"The current version of the malware supports 53 server-issued commands," researchers at Group-IB report — and the list helps explain why this is no ordinary Android nuisance.
How RedHook weaponizes Wireless ADB and Accessibility
Group-IB's analysis shows the new RedHook variant uses Android's Wireless Debugging (Wireless ADB) in an autonomous, novel way to obtain shell-level privileges without a separate computer. ADB (Android Debug Bridge) is the debugging interface that runs on the device as an ADB daemon and normally lets a computer execute shell commands via an ADB client. Wireless ADB, introduced in Android 11, provides that capability over the network without a USB cable.
RedHook tricks victims into granting Accessibility permissions, then automatically manipulates Settings to enable Developer Options and activate Wireless Debugging. The malware then reads the pairing code displayed on the device and connects to the device’s own ADB service over the loopback interface (127.0.0.1). Once paired, RedHook gains shell privileges associated with UID 2000 — far more powerful than typical app privileges, though not root-level — and the attack chain functions without requiring the device to be rooted.
Shizuku: legitimate tooling reused as a privileged server
To turn shell access into broad control, RedHook deploys a Shizuku-based framework. Shizuku is a legitimate utility used by power users and developers; it can invoke privileged Android APIs without root. Group-IB reports RedHook executes Shizuku code (including a privileged server, libmx.so) as part of its chain, using it to run shell commands, grant additional permissions, change protected Android settings, and silently install or remove applications — all without triggering normal user dialogs.

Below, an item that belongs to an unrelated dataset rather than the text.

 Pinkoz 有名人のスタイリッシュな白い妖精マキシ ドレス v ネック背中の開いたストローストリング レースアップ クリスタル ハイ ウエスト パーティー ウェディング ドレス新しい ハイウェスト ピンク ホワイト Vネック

Capabilities: the 53 commands and retained RAT features
Group-IB documents that the current RedHook release retains remote access trojan (RAT) features while adding a wide command set. The report lists these capabilities among the 53 server-issued commands:
- Screen streaming and screenshot capture
- Simulated taps, swipes, gestures, dragging, and long clicks
- Device lock and unlock
- Install, launch, and uninstall applications
- Collection of contacts, SMS, and installed applications
- Creation of overlays or fake verification dialogs
- Camera activation
- Device reboot
Group-IB also notes RedHook can stream the screen, intercept keystrokes, automate user‑interface interactions, and steal credentials — capabilities typical of a RAT but escalated here by the shell-level access the malware secures via Wireless ADB and Shizuku.
Persistence and process hardening
Group-IB highlights multiple persistence and process-hardening techniques the malware uses to remain active. These include silent audio playback to raise process priority, WakeLocks to prevent the CPU from sleeping, and a pair of services that restart each other if one is terminated. Additional measures are a five-minute watchdog alarm, automatic restart after device boot, and setting the process oom_score_adj to -1000 to lower the chance the system will kill the process when memory is constrained.

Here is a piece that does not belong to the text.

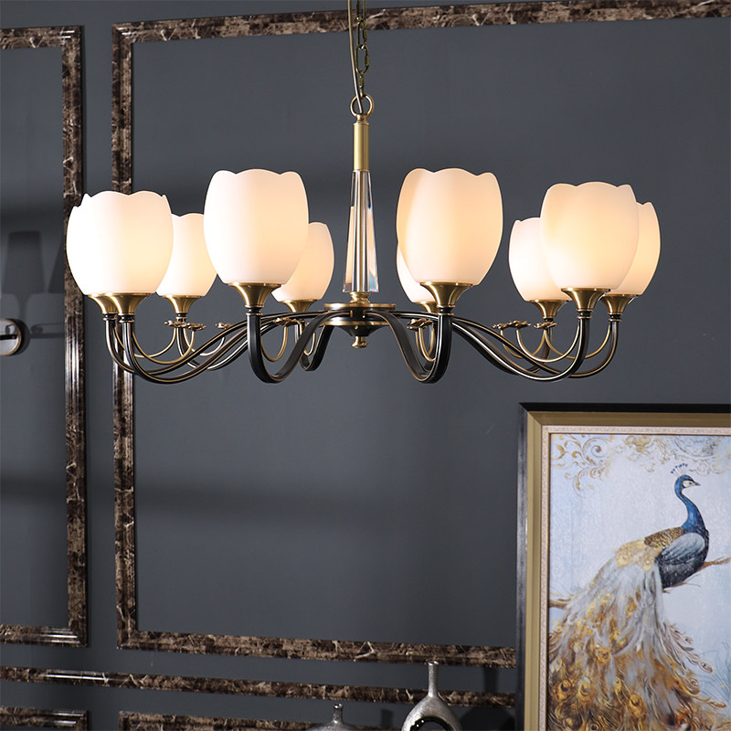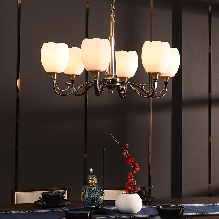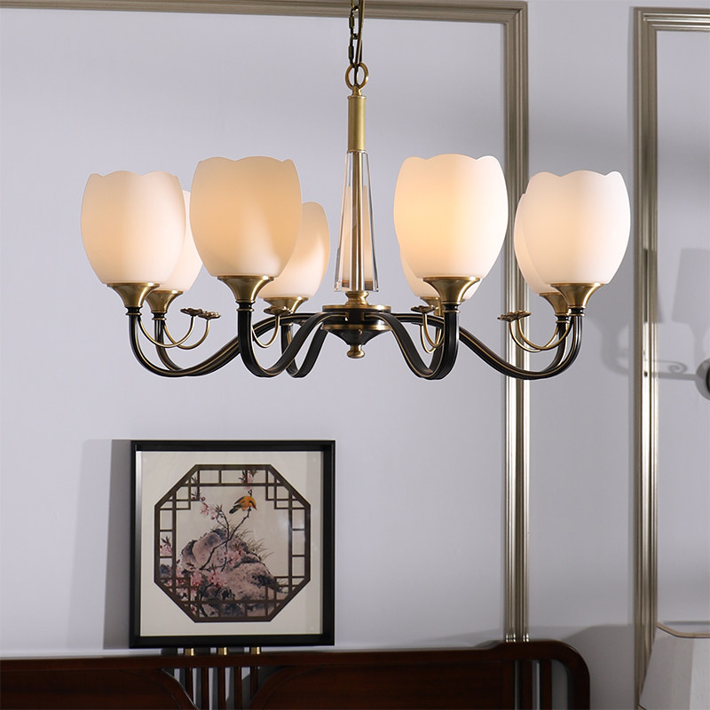 New Chinese all-copper chandelier Living room Modern simple dining room Plum Zen tea room Light luxury bedroom Chinese style lamps

What this means for technologists, enterprises, and end users
Technologists and security teams: Group-IB's findings make clear that monitoring for unexpected changes to Accessibility settings, Developer Options, and Wireless Debugging activation is relevant. Because RedHook operates without root and leverages legitimate tooling (Shizuku) and loopback pairing, defenders should consider detection rules that flag Accessibility permission requests combined with subsequent attempts to enable Wireless Debugging or spawn local ADB connections.
Enterprises and procurement leaders: Group-IB reports distribution through social engineering — messages and phone calls impersonating government agencies or financial institutions that direct victims to fake Google Play sites. That distribution vector points to the need for employee awareness programs and controls around side-loading or installing apps from non-official stores.
End users: Group-IB recommends users install apps only from Google Play, scrutinize requested permissions at installation (notably Accessibility access), and ensure Play Protect is active on devices. The report also underscores that the attack does not require a rooted device: tricking a user into granting Accessibility access is sufficient for RedHook's chain to begin.
Group-IB frames this variant as a significant expansion over the RedHook variant documented in 2025. By converting the phone into its own ADB client, pairing over loopback, and leveraging Shizuku as a privileged server, the malware raises the bar for detection while relying on social engineering to gain the single permission — Accessibility — that starts the chain.